Vyacheslav Ryabov

Personal information
- Full name: Vyacheslav Heorhiyovych Ryabov
- Date of birth: 21 June 1989 (age 35)
- Place of birth: Kryvyi Rih, Ukrainian SSR
- Height: 1.81 m (5 ft 11+1⁄2 in)
- Position(s): Midfielder

Team information
- Current team: Kryvbas Kryvyi Rih
- Number: 2

Youth career
- 0000–2007: Kryvbas Kryvyi Rih

Senior career*
- Years: Team / Apps / (Gls)
- 2007–2012: Kryvbas Kryvyi Rih / 1 / (0)
- 2012: → Hirnyk Kryvyi Rih (loan) / 9 / (0)
- 2012–2016: Hirnyk Kryvyi Rih / 110 / (9)
- 2016–2020: Kolos Kovalivka / 73 / (7)
- 2020–2024: Kryvbas Kryvyi Rih / 53 / (4)
- 2022: → Unia Solec Kujawski (loan)

= Vyacheslav Ryabov =

Ukrainian footballer

Vyacheslav Ryabov (В'ячеслав Георгійович Рябов; born 21 June 1989) was a Ukrainian professional footballer who played as a midfielder.

==Career==
Born in Kryvyi Rih, Dnipropetrovsk Oblast, Ukrainian SSR, Ryabov is a product of his native FC Kryvbas Kryvyi Rih Youth Sportive School.
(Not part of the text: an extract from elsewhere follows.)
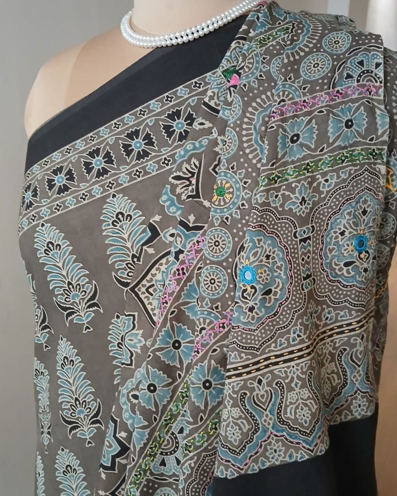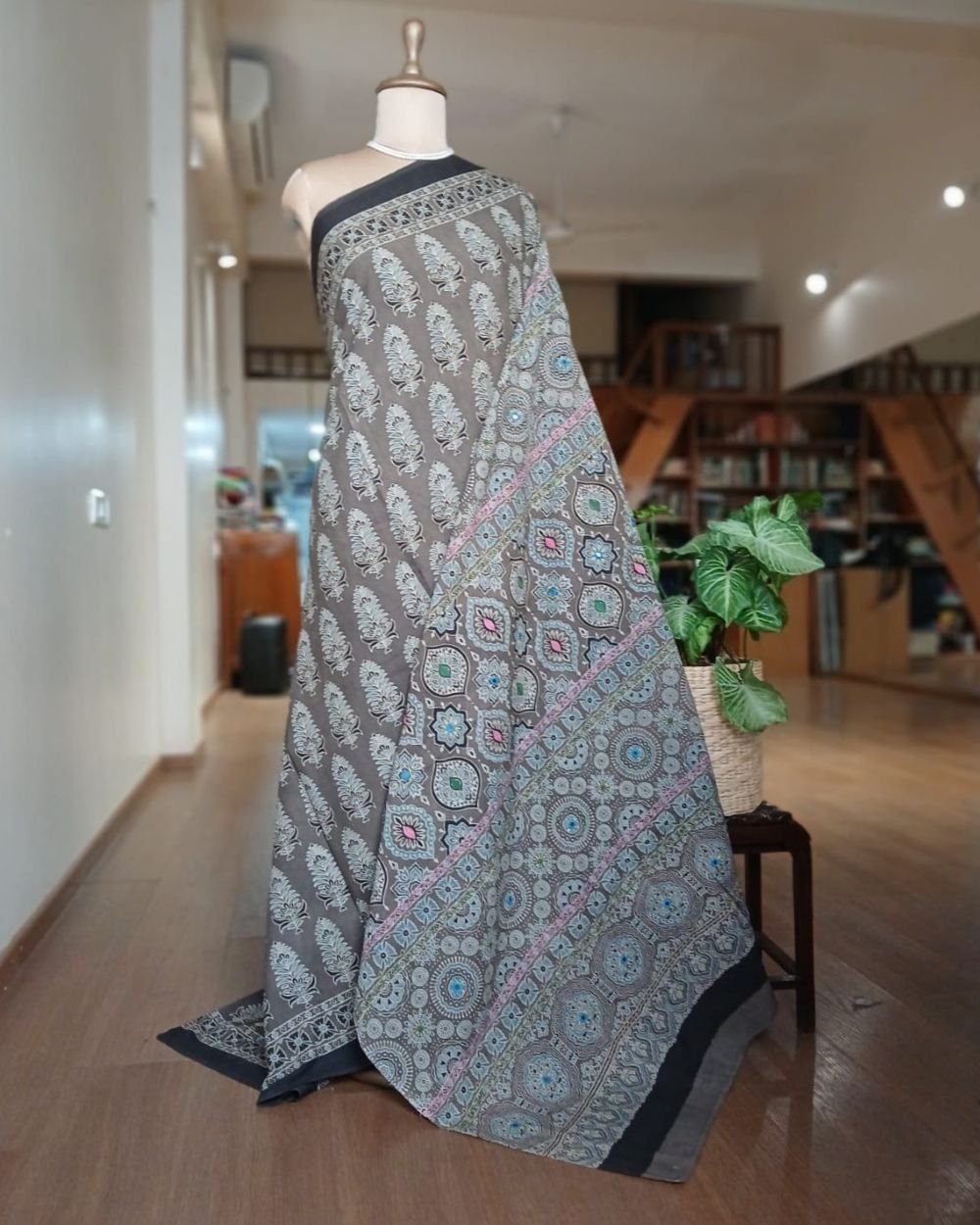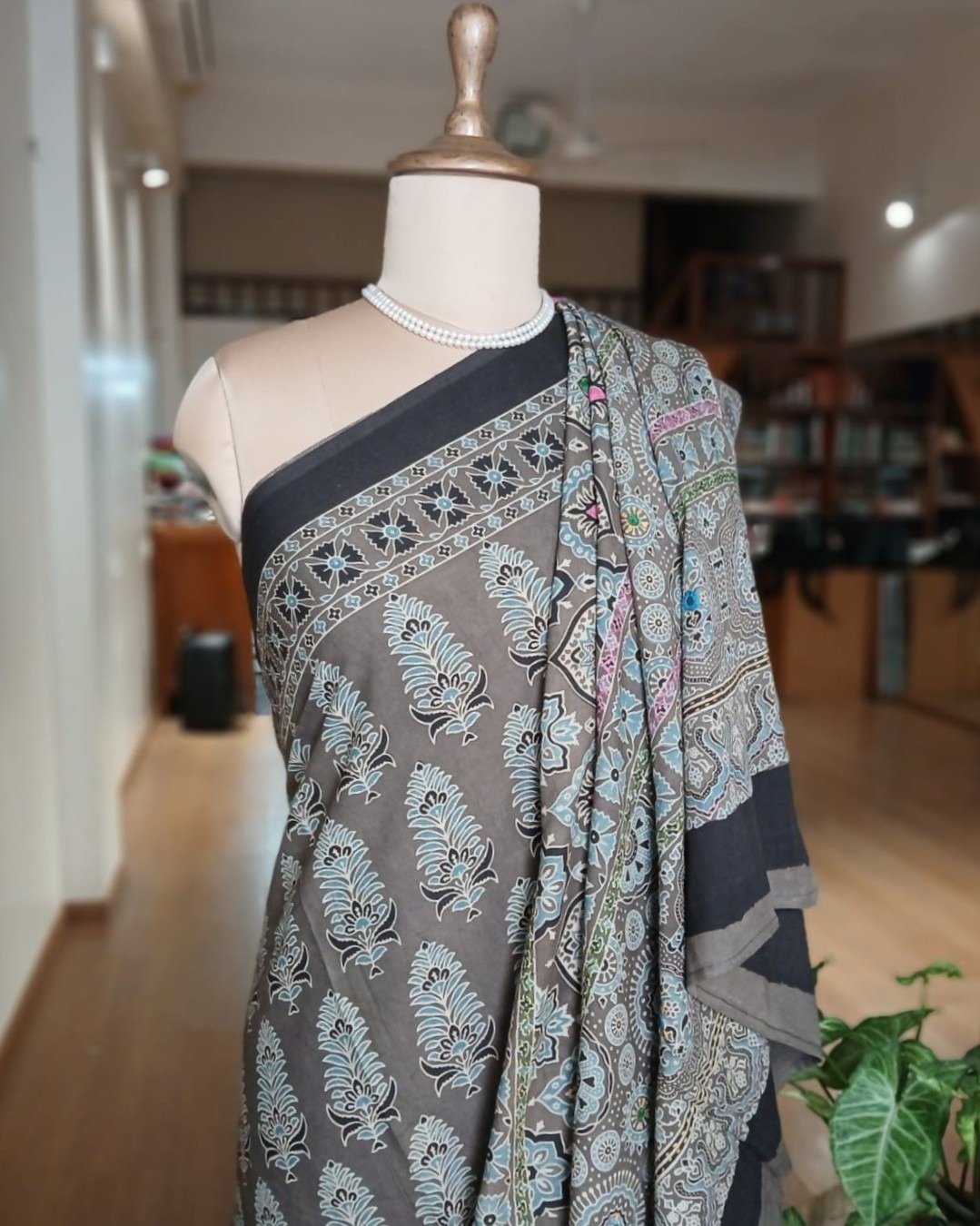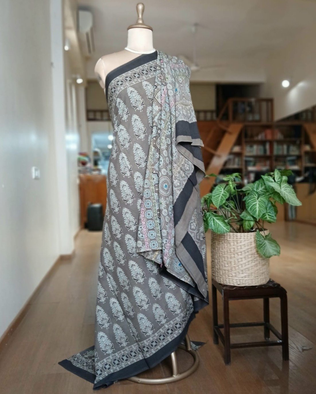 Tags: Ajrakh, Barmer, Cotton saree, Embroidered, Mul Cotton, Rajasthan

He signed contract with FC Kryvbas in 2007, but made only one appearance in the Ukrainian Premier League, as substituted player in the game against FC Dnipro Dnipropetrovsk on 16 May 2009. Then he played for football clubs in the Ukrainian Second League or in the Ukrainian First League.